You’ve heard of disappearing ink. Now get ready for suddenly appearing ink. Using a clear liquid, researchers can print a full rainbow of colors on transparent surfaces. The trick is printing the liquid in precise, microscale patterns that create structural color.

Researchers Print full Colors of Rainbow Using clear Liquid on Transparent Surfaces

Structural colors arise from the way different wavelengths of light bounce off microscopic imperfections on surfaces (SN: 8/17/21; SN: 6/1/16). “In nature, there are many beautiful structure colors, such as the wings of butterflies, the feathers of peacocks, the skin of chameleons and so on,” says Yanlin Song, a materials chemist at the Chinese Academy of Sciences in Beijing.

Song and colleagues printed structural colors on transparent silicone sheets using an ordinary ink-jet printer and clear polymer ink. The printer studded the silicone sheets with millions of microscopic ink domes, each of which served as a single pixel in the resulting image. Adjusting the size of a microdome changed the wavelengths of light that the dome reflected and therefore its color (SN: 3/8/19).
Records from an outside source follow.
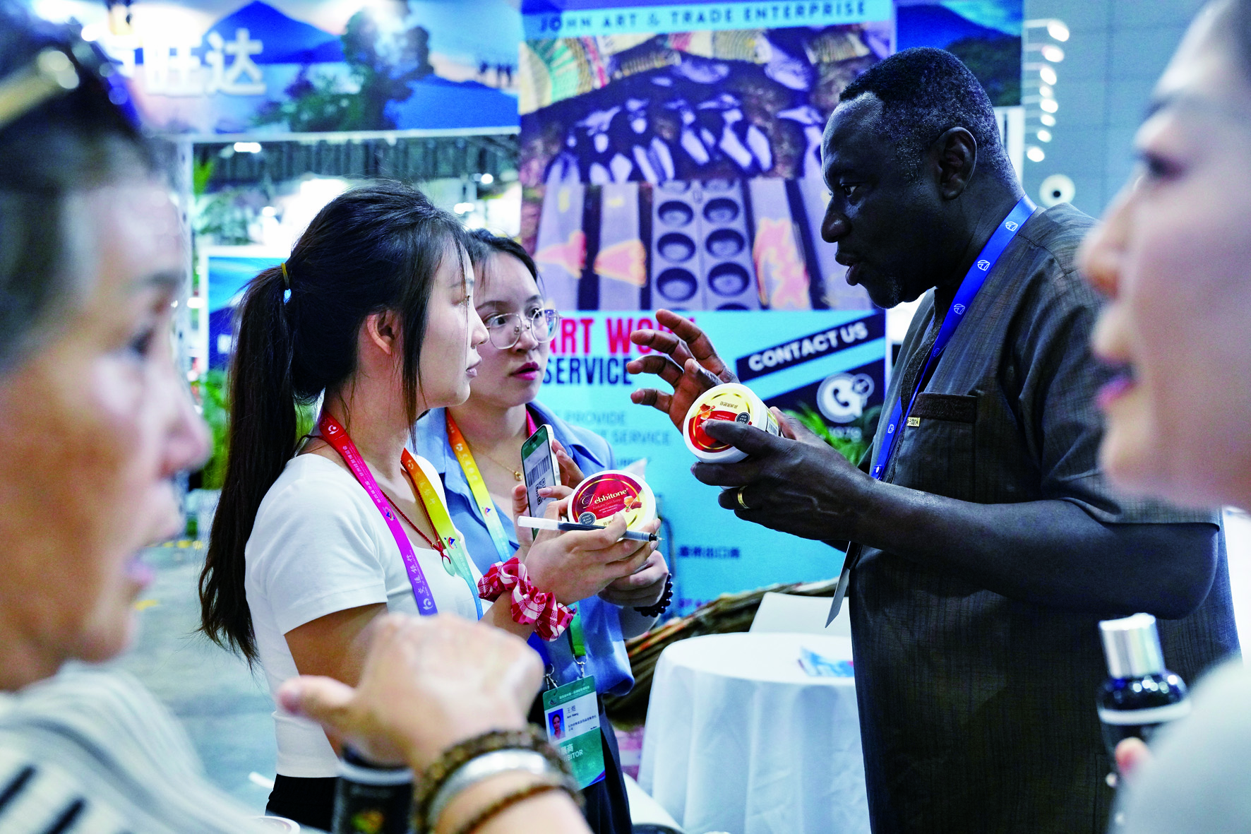 6月12日,在长沙国际会展中心,参展商推介来自非洲的护肤品。 当日,第四届中国-非洲经贸博览会在长沙举行。本届博览会以“中非共行动 逐梦现代化”为主题,会期4天。 新华社发
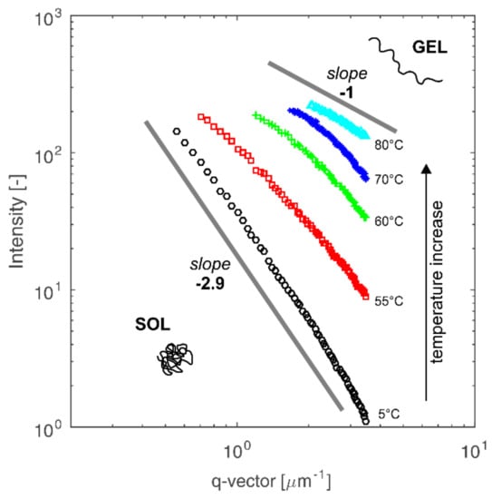In the wave vector region covered in these measurements, the power law (I(q)~q-n) can describe the q dependence of the light intensity. In the wave vector regime qRg > 1, the experiment probes the cluster fractal dimension, and the value of the power exponent n provides structural information on the fractal dimension of molecules [27,28]. Based on data of the scattering pattern at 20 °C for the lowest shear rate, the value of exponent n was approximately ~2.7. This value indicates that the polymer chains have an intermediate conformation between a collapsed coil (n = 3) and swollen Gaussian coil (n = 2). Molecules formed in this manner are deformed by shear forces, and the resulting scattering pattern reveals more prominent anisotropy for higher shear rate values (Figure 2b).
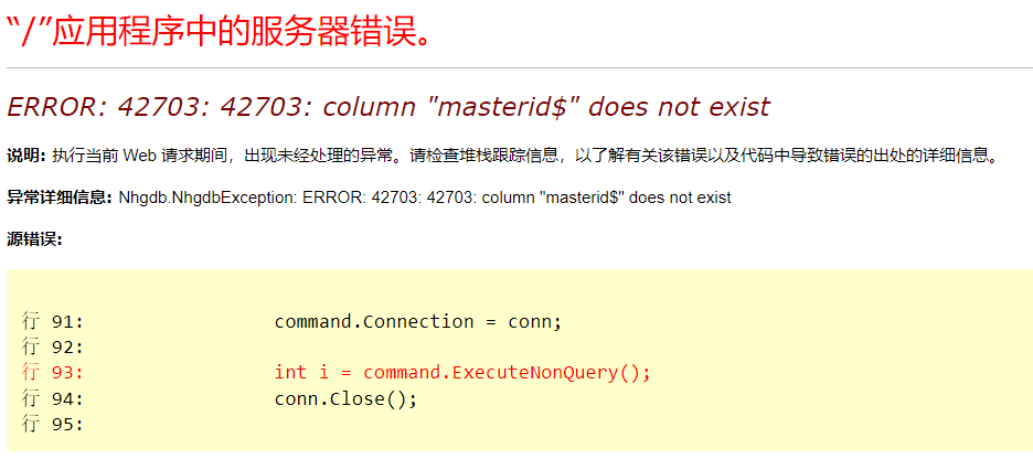 Nhgdb.NhgdbException:“ERROR: 42703: 42703: column "masterid$" does not exist”

Increasing the width of a single dome from 6.6 to 11 micrometers shifted its hue along the spectrum from blue to red and back again, the researchers report online September 22 in Science Advances.

The denser the domes were packed, the brighter the image. And printing a medley of differently colored ink pixels across a single area created blended shades, such as brown and gray. Using the technique, Song’s team printed multicolor, photorealistic portraits of Isaac Newton, Marilyn Monroe and other famous figures.
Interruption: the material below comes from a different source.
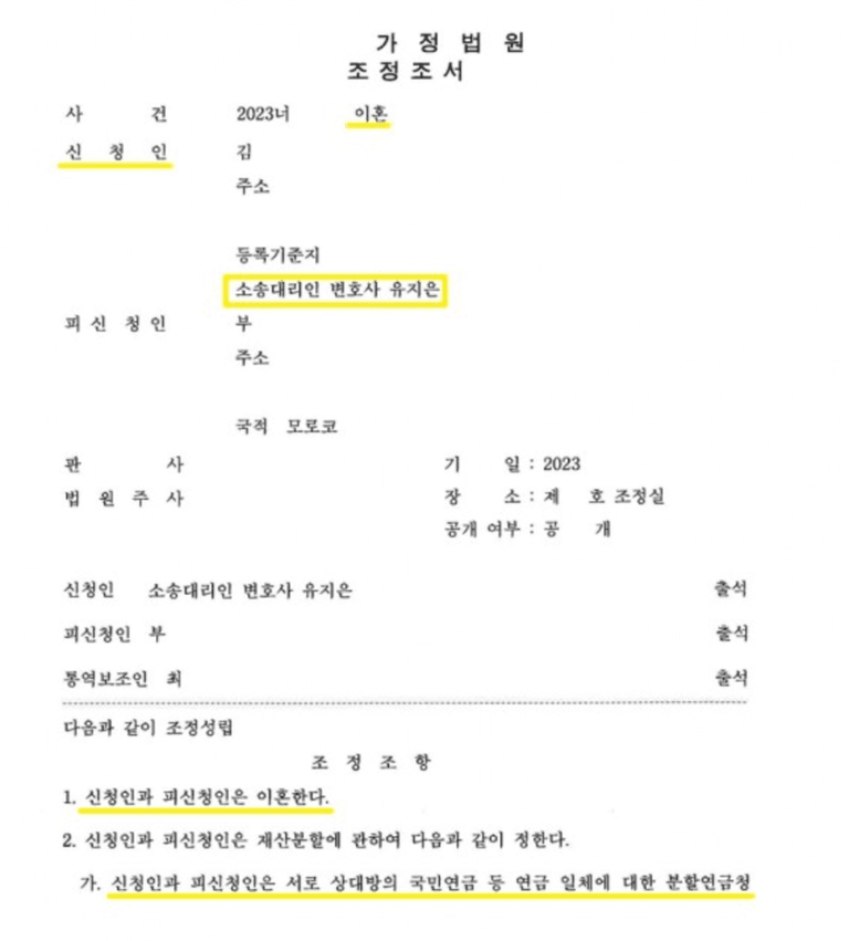 실제로 법률사무소 카라에서 진행한 사건에서도 한국인 아내와 모로코 국적 남편이 약 10년 이상 혼인생활을 유지한 뒤 이혼을 진행하면서 재산분할과 연금분할 문제가 핵심 쟁점이 되었습니다.

“I was excited to see that somebody had used [structural color] for this purpose,” says Lauren Zarzar, a materials chemist at Penn State who has studied similar structural colors cast by water and oil droplets. “They had some nice examples that I think illustrated the versatility of this mechanism.”

Zarzar imagines using structural colors to create complex optical signatures for anti-counterfeiting features on ID cards or currency. Such shimmery, colorfast hues could also make useful materials for cosmetics, clothing or architecture, she says.